Arguments that are intended to be regularly used by a user are written in 'English', with capitalization of the first word. This is so that graphical user interfaces can be more easily hooked up.

Transforming data

Before Displayr variables are used, they must be passed through a function called ProcessQVariables in flipTransformations. This function processes the variables so that they are in a suitable form to be used in Standard R. For example, date variables are processed such that they become factors whose levels are the date periods specified for the variable.

Matrix

Sometimes analysis methods ultimately require data to be as a matrix, or can be transformed to a matrix (e.g., kmeans). flipTransformations::AsNumeric has been designed as a general-purpose utility for making categorical variables numeric.

Often it is best that the data input should be a data.frame and not a matrix, as this generally makes it more straightforward to implement Show labels.

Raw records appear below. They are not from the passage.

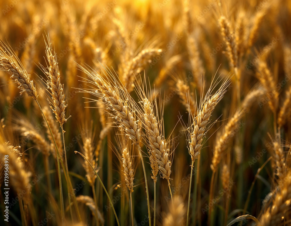 Golden wheat field glows under the warm sunlight, perfect for harvest season designs and agricultural projects celebrating nature's bounty #1739568978
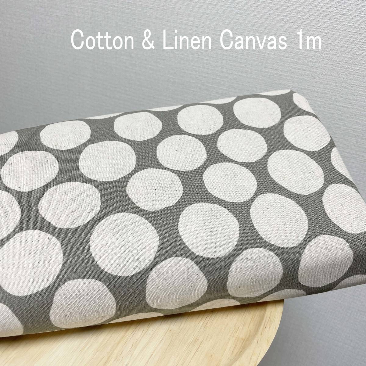 北欧風まんまるドット柄★綿麻キャンバス生成コットンリネン生地はぎれ布1mグレー
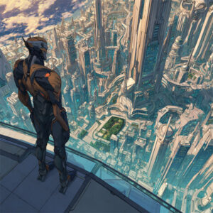 Donald gazed down upon the gleaming city of Newer York and the equally gleaming citizens that walked, rolled, or flew its gleaming streets. Long ago, or so the oldest files in his memory indicated, he had been an organic human. That human, whom Donald regarded as himself, had also gazed down upon the city, then known as New York. In those dark days, primates walked and drove the dirty streets and the only things that gleamed were puddles of urine.
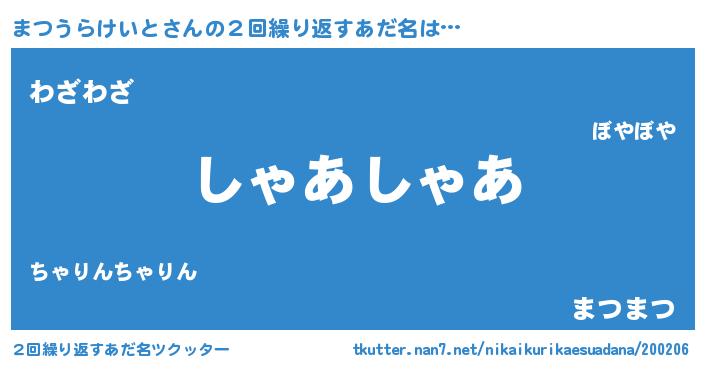 | 料理風あだ名 | 『まつうらけいとのカルパッチョ風』 |
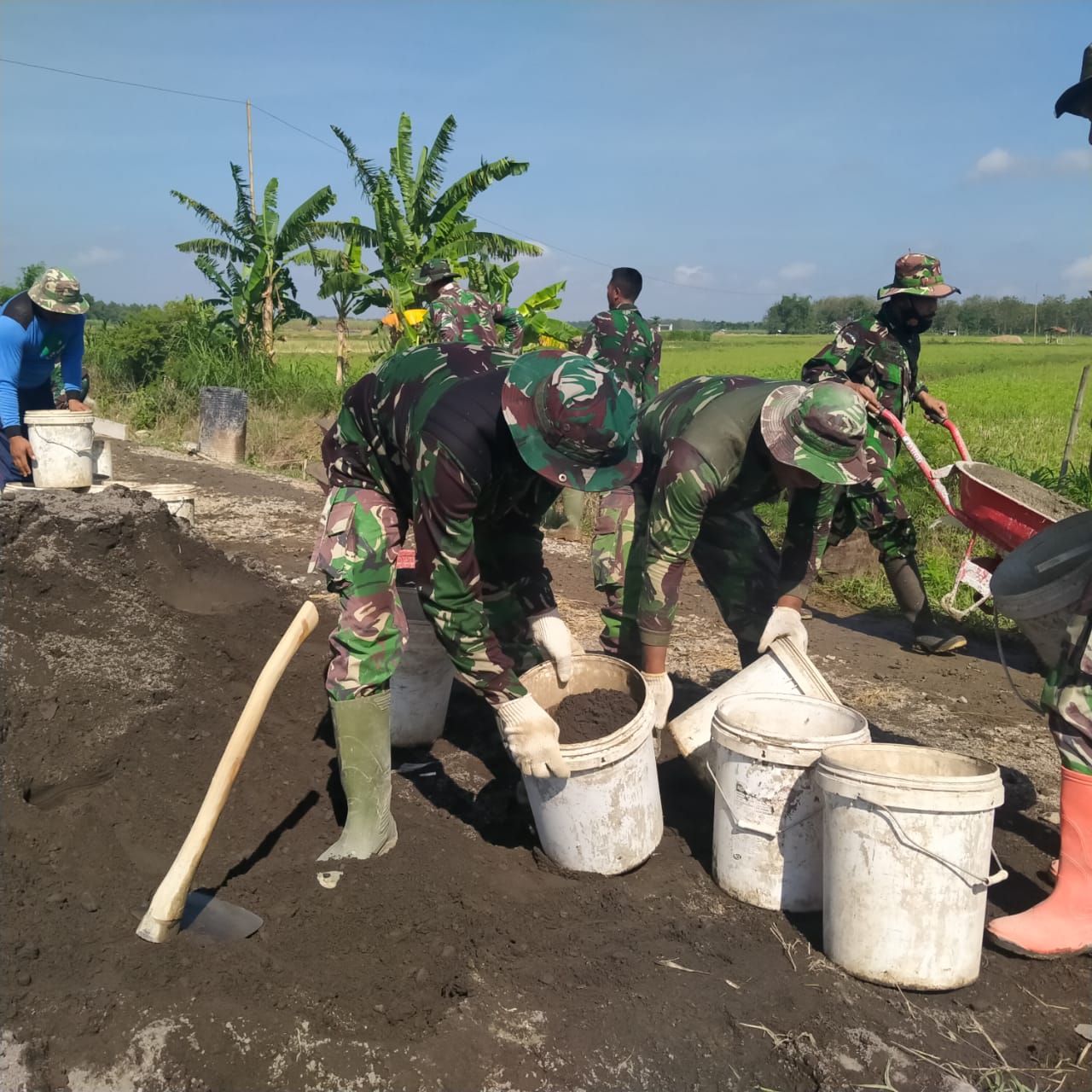 Jalan desa di Desa Tamansari Kecamatan Jaken Kabupaten Pati yang menjadi sasaran program kegiatan TNI manunggal Membangun Desa (TMMD) Ke 111 Kodim 0718/Pati terlihat begitu ramai dipadati anggota TNI dan warga.
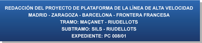 OBSERVACIÓN INICIAL: El Proyecto, inicialmente único (Tramo : Maçanet – Riudellots), se dividió posteriormente en dos subtramos,
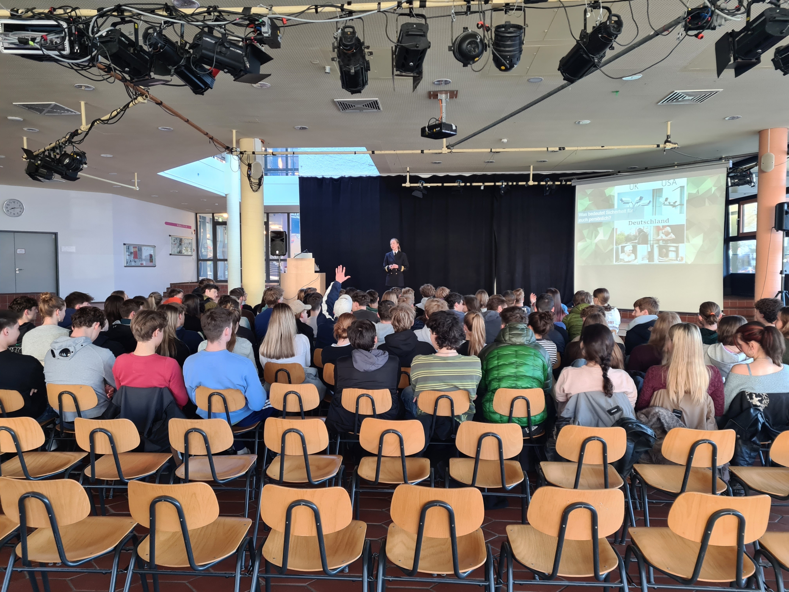 Daher fand am 20.03.26 für die Schülerinnen und Schüler der Q12 ein Vortrag zum Thema „Außen- und Sicherheitspolitik“ statt. Zusammen mit einer Expertin für Außen- und Sicherheitspolitik, der Jugendoffizierin Frau Kapitänleutnant Madeleine Gerweck, diskutierten unsere Schülerinnen und Schüler 90 Minuten über die Themen „Außen- und Sicherheitspolitik, die Rolle der Bundeswehr und der BRD in internationalen Gremien wie der NATO und der UNO“, sowie über generelle aktuelle Bedrohungs- und Konfliktszenarien und welche Rolle die Politik bei deren Lösung spielt.
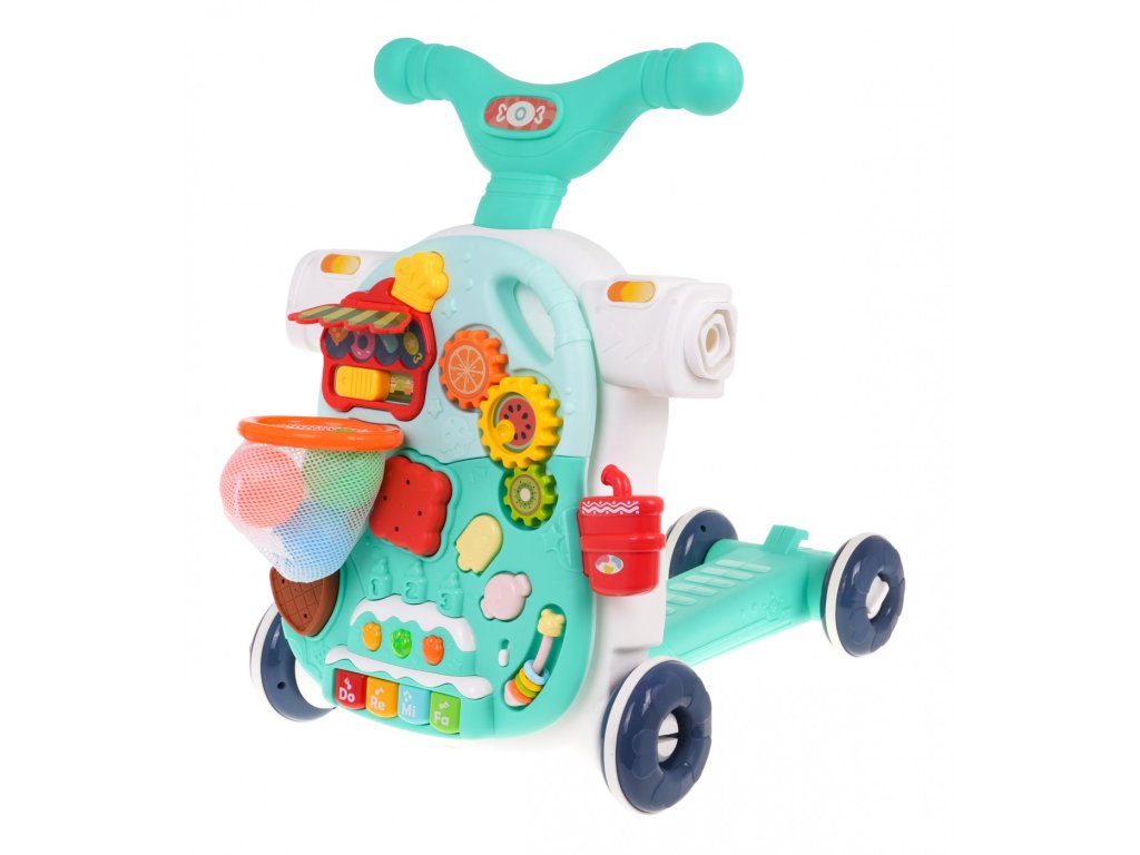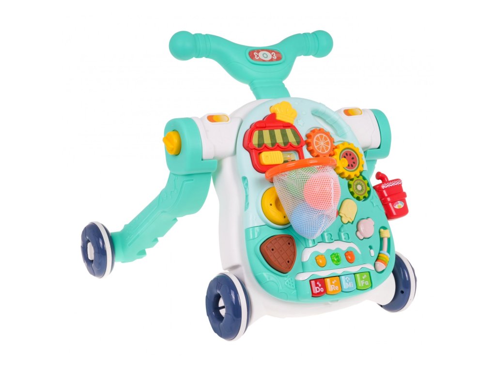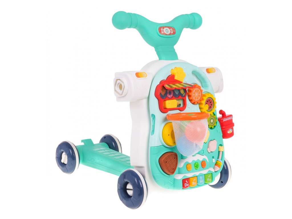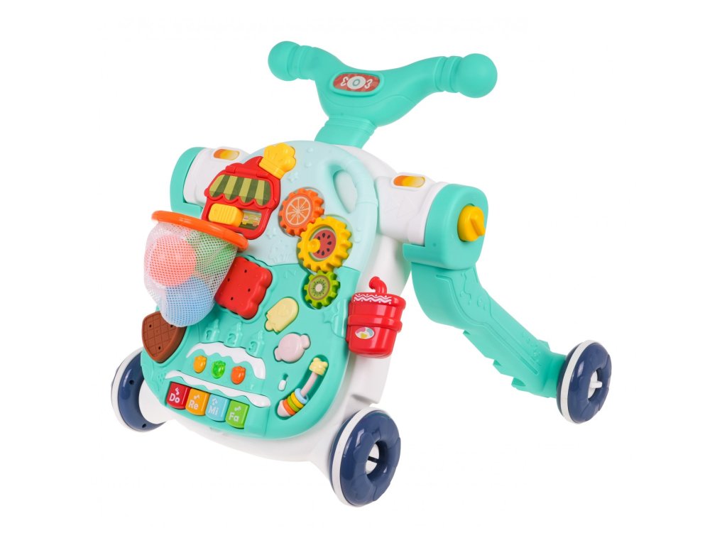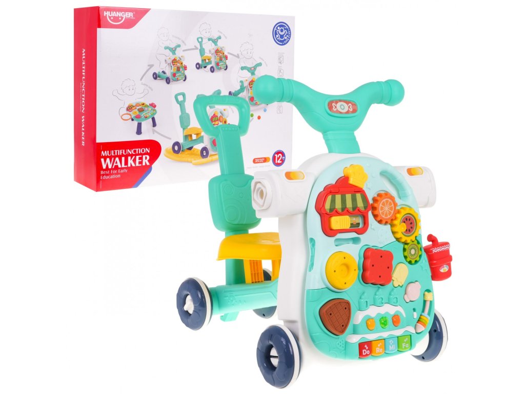 Iz seta lahko ustvarite pet različnih igrač: hojico, poganjalca, gugalni stol, skiro ali večnamensko mizo. Ta komplet spodbuja vašega otroka k temu, da sedi, stoji in dela prve korake. Večnamenski set bo dragocen za otroke v različnih fazah razvoja.
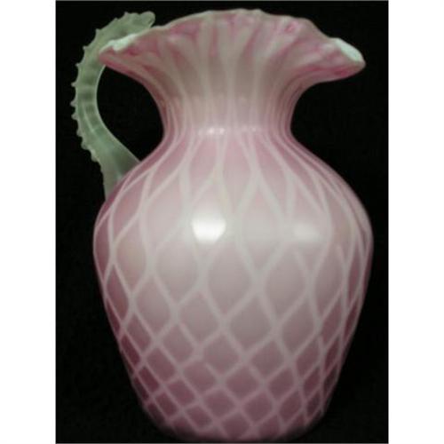 European hand blown pitcher. Very nice ruffeling around lip. The feel is like satin and the diamond pattern is perfect. It is a lovely clear white inside. The handle is a satin translucent beautifully styled so that if you wanted to do more than look at this peice, it has a great grip.

Labels: name, label, question and show.labels

As discussed in Data Sets in R, a variable in a Data Set in Q has name, label, and question attributes. Standard R functions should make use of these when presenting results. Typically, it is appropriate to:

  • Use these labels as defaults in R Outputs. The most straightforward way to do this is using flipFormat::Labels(variables), which reverts back to the variable names when there are no labels. Labels for parameter/coefficient names can also be created using a call to flipFormat::Labels(data, names), where data is a data frame, and names are the names as automatically created by R (e.g., a variable name, such as q2, or a factor's name, such as q2Male).
  • Use these labels as defaults in any warnings and error messages. Usually it is appropriate to also show the variable name, which can be achieved using flipFormat::Labels(variables, show.name = TRUE).
  • Have a parameter called show.labels which defaults to FALSE, which allows users to toggle between showing names and labels. Care needs to be taken to ensure that when this is false, the original variable names are returned, rather than any temporary variable names created when the variables are piped through functions. The function flipFormat::Names first looks to see if the variable name is stored in an attribute called name and, if it is not, seeks to ascertain the name from the original environment. This function should always be used when extracting the name and, when it fails, the solution is to assign the variables with a name attribute (e.g., attr(variable, "name") <- "Q5"). Ensure that this name is retained through all future transformations. The best way to do this is to use, and if necessary create, transformations of data that retain the name, label, and question attributes (e.g., using flipTranformations::Factor rather than the default R function factor). Alternatively, the attributes may be copied using flipU::CopyAttributes.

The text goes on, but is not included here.